:: Material provided

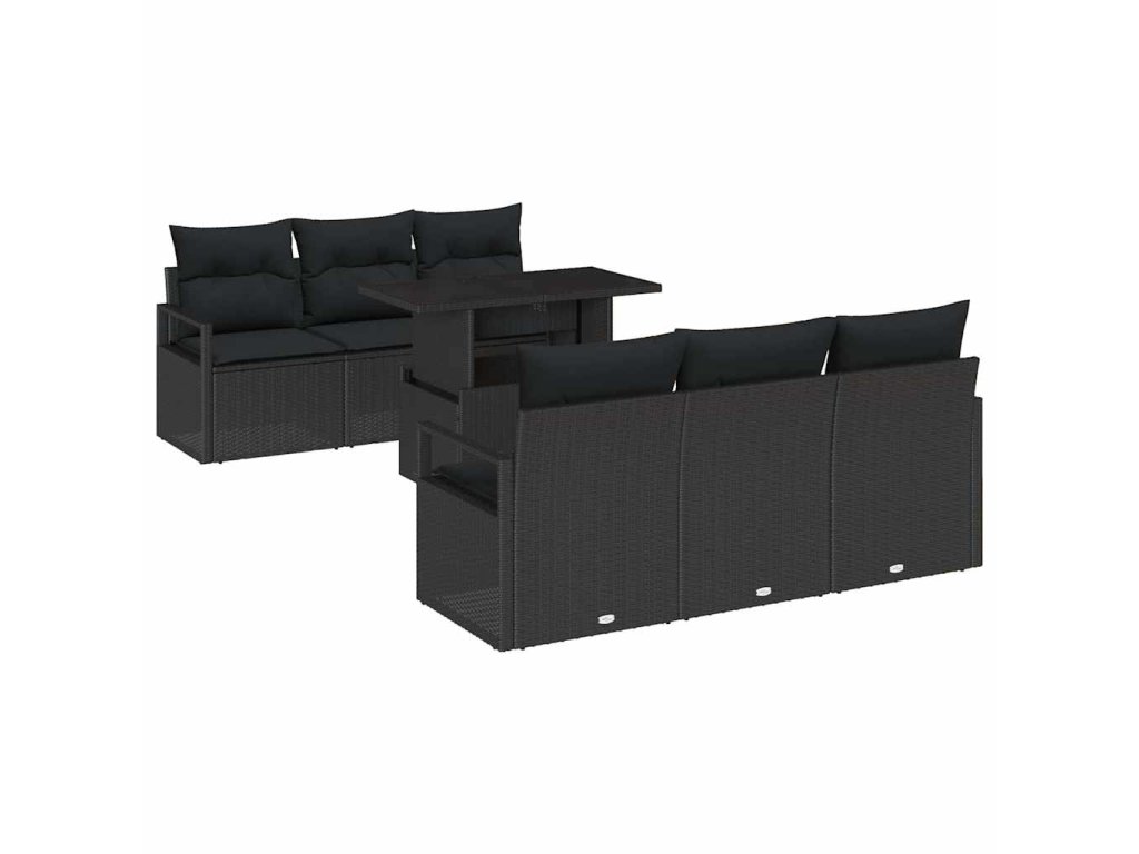 Sada zahradních pohovek s polštářem 7 pcs Černá Poly ratan
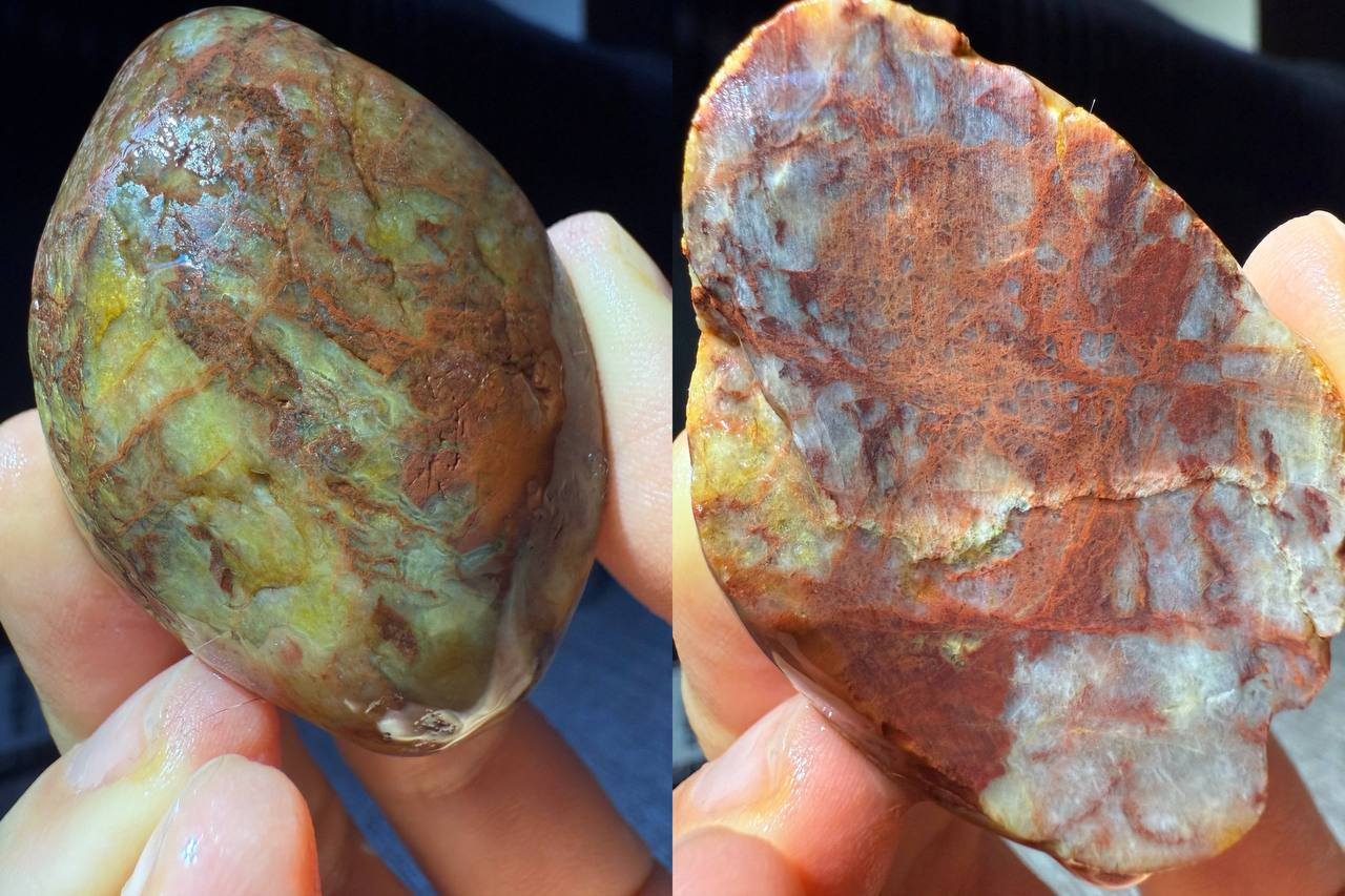 Когда-то по трещинам в породе гуляли кремнистые растворы, они заполняли пустоты халцедоном, а железо подкрашивало всё это в красные оттенки. В итоге снаружи — обычный камень, а внутри — узоры, полосы и сюрпризы.
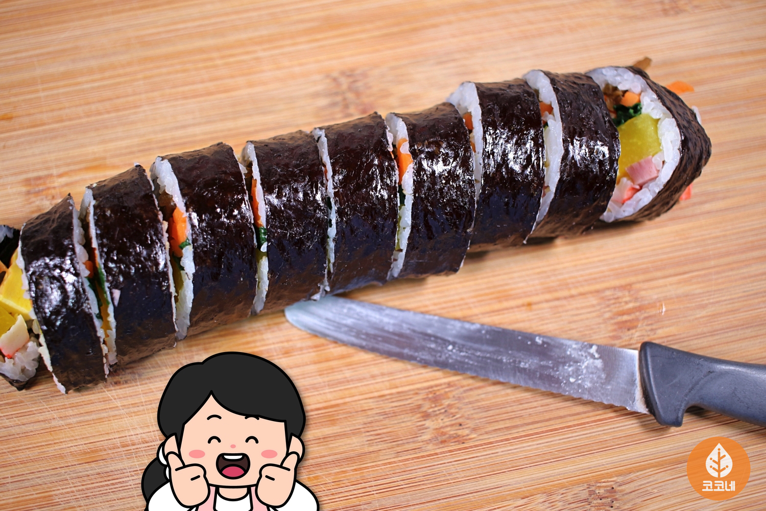 김밥 단면을 깔끔하게 커팅해서
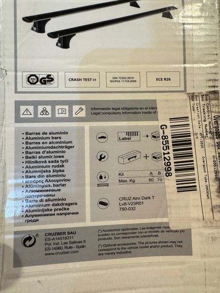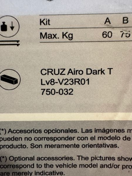 This is a new never used Cruz Airo Dark T Aerodynamic Roof Bars Model 750-032 (LV8-V23R01)

::::

## About this exercise
Set down the material exactly, every line of it, except for the pictures.

## The answer
 Sada zahradních pohovek s polštářem 7 pcs Černá Poly ratan
 Когда-то по трещинам в породе гуляли кремнистые растворы, они заполняли пустоты халцедоном, а железо подкрашивало всё это в красные оттенки. В итоге снаружи — обычный камень, а внутри — узоры, полосы и сюрпризы.
 김밥 단면을 깔끔하게 커팅해서
 This is a new never used Cruz Airo Dark T Aerodynamic Roof Bars Model 750-032 (LV8-V23R01)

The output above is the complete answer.